Riflettendoci …è impossibile che una coppia stabile ed apparentemente affiatata arrivi all’estremizzazione delle fantasie sessuali, specialmente se queste comprendono partecipazione di terzi, senza credere che non si sia rotto un qualcosa in quel fondamentale equilibrio d’unione. Ci deve per forza essere qualcosa che non va…l’ultima spiaggia cui far approdare un’unione che da li a breve sarà destinata a naufragare nell’oceano dell’indifferenza fino all’inevitabile separazione. Sesso di gruppo, perversioni hard, scambio (con penetrazione) di mogli e mariti…entrambi bsex per l’occasione, il cui terribile demone del sesso ha preso il sopravvento sui valori e sulla morale di questa nostra civilissima società. Un groviglio di corpi la cui immagine non può certo far pensare ad una intesa di coppia e che sembra mirare piuttosto ad un orgasmo dopo l’altro.

Riflettendoci un po’ di più …o meglio, avendo le basi per provarci…quell’inferno dantesco descritto prima, immagine collettiva di sesso che rispecchia come possa venire vissuta la sessualità anche all’interno della singola coppia, quindi anche in noi stessi, assume contorni e sfaccettature assai differenti, se non opposti. La complicità e l’intesa che danno luogo alla materializzazione di certe fantasie mirano alla coppia, quindi al rispetto dei ruoli e dei limiti presenti in ognuno di noi. Il “gioco” raffinato di coppia difficilmente da luogo ad uno scambio completo di partner (pur non escludendolo)…è un gioco di seduzione e sensualità ove oltre all’amicizia che lega più persone che sedute ad esempio attorno ad un tavolo per una cena, sanno cogliere aspetti e vivere momenti che piacevolmente coinvolgono, mai in maniera morbosa, sempre molto cerebrale, quella sessualità che solitamente non viene pienamente goduta per problemi…quali problemi?...voi sapete senz’altro meglio di me!

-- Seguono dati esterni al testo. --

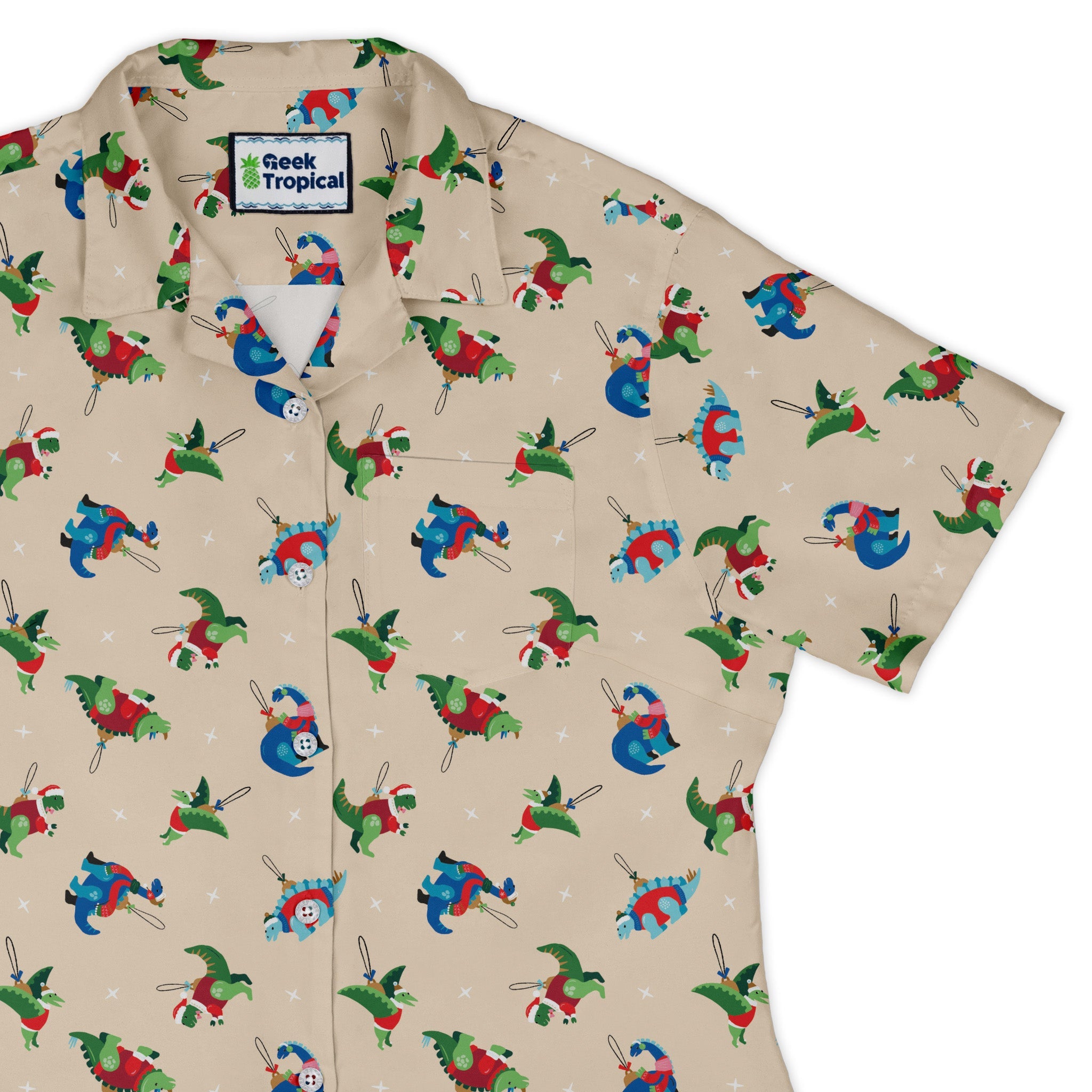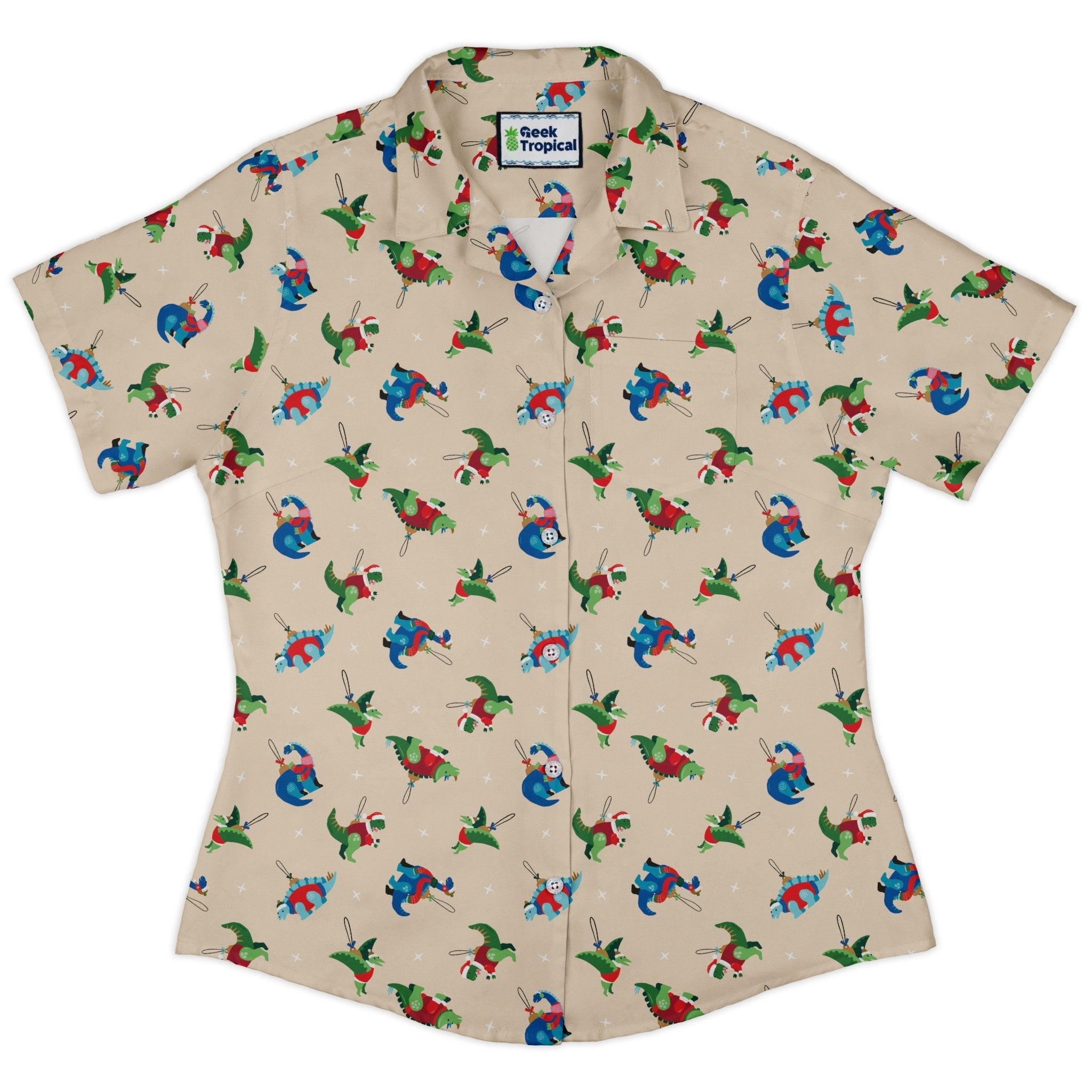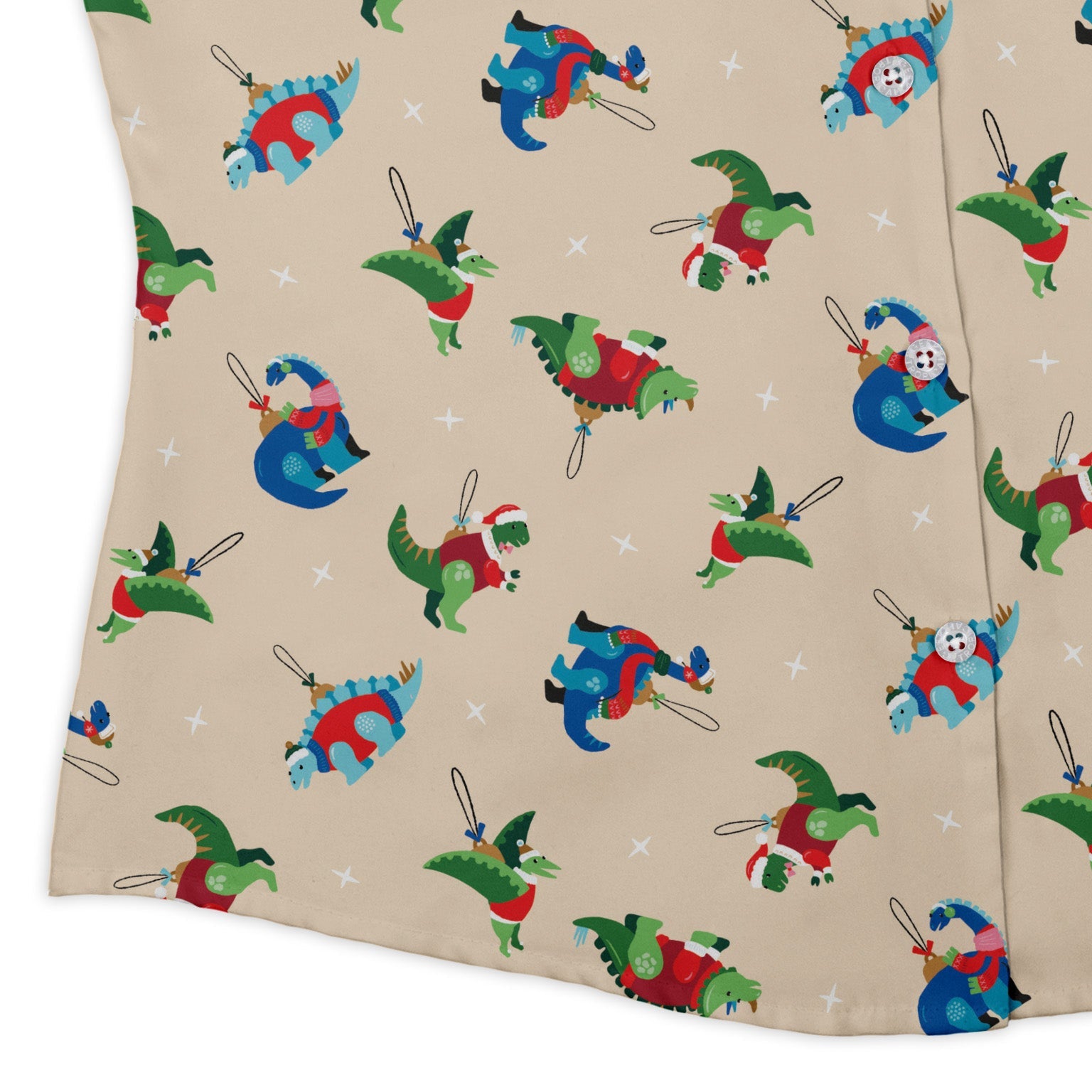 Meet the Dinosaur Ornaments Curvy Button Up Shirt, where geeky merriment goes full festive. Dinosaurs reimagined as ornaments parade across the fabric in a playful, repeating print, flowing cleanly over the chest pocket for a seamless look. Cut for curves with a polished collar and easy drape, it’s as comfortable as it is clever. Designed by Zirkus Design and printed with eco‑conscious inks, every purchase supports licensed artists.

Viene spontaneo chiedermi: come mai fino a poco tempo fa la tua prospettiva fosse così "diversa" da quella attuale...?

Citazione:
Da Maxim:
Ciò che quindi l’Arsenio cataloga come “perversioni hard” possono essere vissute da altri come la ciliegina sulla torta dopo un pranzo matrimoniale che non può che essere, affinché si arrivi a quella ciliegina, sempre molto lauto, mai pesante, molto sereno. Godendo di determinate esperienze, la visione sulla qualità sessuale (mai fondamentale ma molto importante) della vita di coppia, assume visioni alquanto diverse da quelle “normalmente” tenute e che per qualcuno potranno risultare “strane”.


Personalmente, al di là del fatto che ovviamente ciascuno è libero di avere
l'approccio alla sessualità che più gli aggrada, penso che quello che qualcuno reputa "strano" è forse qualcosa verso cui non si sente attratto ...


Citazione:
Da Maxim:
A certi livelli ci si potrà rendere conto che la vera “perversione” consiste nei tradimenti, nelle veloci scappatelle, nel far l’amore con il proprio partner una volta ogni 15 giorni senza avere la capacità di aggiungere mai alcun condimento a quella minestra che, a volte, fatica ad andar giù

Non saprei dire cosa è una "vera perversione", forse perché involontariamente ne ho "viste" talmente tante di cose particolari sotto questo punto di vista, che ormai niente mi sembra "strano" o "perverso" ... credo che chi attua certi determinati comportamenti nella propria sfera sessuale è perché per egli quel comportamento è normale, non potrebbe fare altrimenti...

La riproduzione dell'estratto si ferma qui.